Views: 0 Author: Site Editor Publish Time: 2023-03-09 Origin: Site
Most fume hoods for industrial purposes are ducted.A large variety of ducted fume hoods exist.In most designs,conditioned (i.e. heated or cooled) air is drawn from the lab space into the fume hood and then dispersed via ducts into the outside atmosphere.The fume hood is only one part of the lab ventilation system.Because recirculation of lab air to the rest of the facility is not permitted, air handling units serving the non-laboratory areas are kept segregated from the laboratory units.To improve indoor air quality, some laboratories also utilize single-pass air handling systems,wherein air that is heated or cooled is used only once prior to discharge. Many laboratories continue to use return air systems to the laboratory areas to minimize energy and running costs,while still providing adequate ventilation rates for acceptable working conditions.The fume hoods serve to evacuate hazardous levels of contaminant.To reduce lab ventilation energy costs, variable air volume (VAV) systems are employed, which reduce the volume of the air exhausted as the fume hood sash is closed.This product is often enhanced by an automatic sash closing device, which will close the fume hood sash when the user leaves the fume hood face.The result is that the hoods are operating at the minimum exhaust volume whenever no one is actually working in front of them.
Since the typical fume hood in US climates uses 3.5 times as much energy as a home, the reduction or minimization of exhaust volume is strategic in reducing facility energy costs as well as minimizing the impact on the facility infrastructure and the environment.
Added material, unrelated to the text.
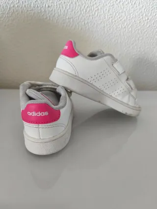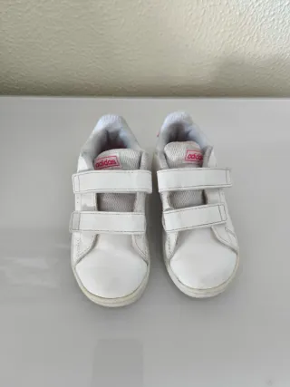 Sapatilhas Adidas em branco com detalhes em rosa, perfeitas para os mais pequenos. Tamanho 24 - Fecho de velcro para ajuste fácil. - Design desportivo e confortável. - Logo Adidas na lateral e na língua.
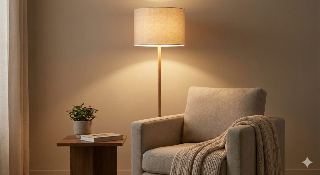 A luz crua do teto é inimiga do relaxamento. A forma mais simples e barata de criar ambientes aconchegantes é dominar a iluminação. Dessa maneira, troque a luz central por abajures, luminárias de piso ou fitas de LED com luz quente (amarelada). Assim, isso sinaliza ao seu cérebro que é hora de relaxar, criando um clima mais acolhedor enquanto gasta pouco.

Particular attention must be paid to the exhaust discharge location, to reduce risks to public safety and to avoid drawing exhaust air back into the building air supply system.
This method is outdated technology.The premise was to bring non-conditioned outside air directly in front of the hood so that this was the air exhausted to the outside.This method does not work well when the climate changes as it pours frigid or hot and humid air over the user making it very uncomfortable to work or affecting the procedure inside the hood.This system also uses additional ductwork which can be costly.
Constant air volume (CAV)
In a survey of 247 lab professionals conducted in 2010, Lab Manager Magazine found that approximately 43% of fume hoods are conventional CAV fume hoods.
Closing the sash on a non-bypass CAV hood will increase face velocity (inflow velocity or "pull"), which is a function of the total volume divided by the area of the sash opening.Thus, a conventional hood's performance (from a safety perspective) depends primarily on sash position, with safety increasing as the hood is drawn closed.To address this issue, many conventional CAV hoods specify a maximum height that the fume hood can be open in order to maintain safe airflow levels.A major drawback of conventional CAV hoods is that when the sash is closed, velocities can increase to the point where they disturb instrumentation and delicate apparatuses, cool hot plates, slow reactions, and/or create turbulence that can force contaminants into the room.
Bypass CAV hoods (which are sometimes also referred to as conventional hoods) were developed to overcome the high velocity issues that affect conventional fume hoods.These hood allows air to be pulled through a "bypass" opening from above as the sash closes.The bypass is located so that as the user closes the sash, the bypass opening gets larger.The air going through the hood maintains a constant volume no matter where the sash is positioned and without changing fan speeds. As a result, the energy consumed by CAV fume hoods (or rather, the energy consumed by the building HVAC system and the energy consumed by the hood's exhaust fan) remains constant, or near constant, regardless of sash position.
Low flow/high performance bypass CAV
"High performance" or "low flow" bypass CAV enclosures are the newest types of bypass CAV enclosures, often featuring improved sealing, safety, and energy savings.Low-flow/high-performance CAV hoods typically feature one or more of the following: sash stops or horizontally sliding sash to limit opening; sash position and airflow sensors that can control mechanical dampers; Air Curtain Barrier; refined aerodynamic design and variable dual baffle system maintain laminar (undisturbed, turbulent-free) flow over the hood.Although the initial cost of high-performance range hoods is typically higher than traditional bypass range hoods, the improved containment and flow characteristics allow these range hoods to operate at face velocities as low as 60 fpm, which can translate to $2,000 per year or more energy efficient depending on hood size and sash settings.